Work to be completed
Each line below that holds the word "Перехід" counts once; state the total number of such lines and nothing else.

Information supplied
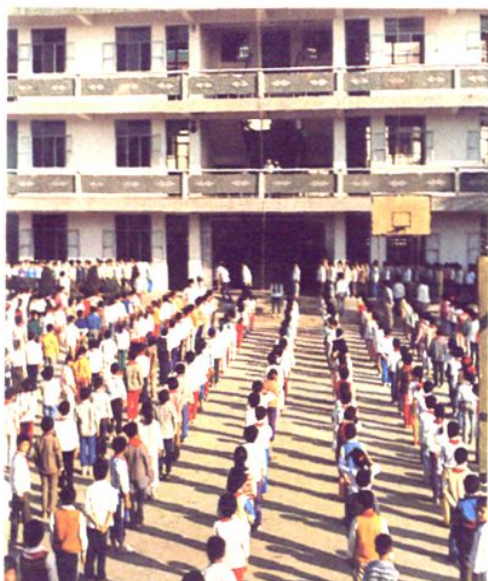
吕巷中心小学学生早操
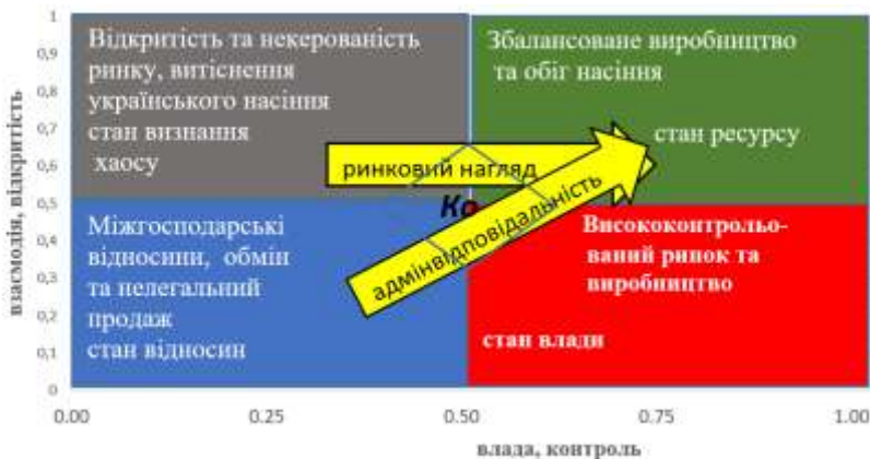
Рис. 3. Перехід до збалансованої системи через функціонування компетентного органу ( Ko )

Перехід від станів міжгосподарських відносин, обміну та нелегального продажу, хаосу обігу можливий через точку переходу, функціонування компетентного органу (позначено на схемі Ko ). Який втілює принципи контролю, конкуренції, пріоритету якості продукції. Зі схеми-графіку можна зробити припущення, що така структура повинна бути уповноваженою проводити контрольні функції до 50 % функціоналу, узгоджувати обіг насіння, створювати фільтри (ринковий нагляд) для недопущення нелегального продажу та погіршення якості. Причому збільшення частки експансії іноземних сортів передбачає збільшення контролю (рис. 3).

Reply
2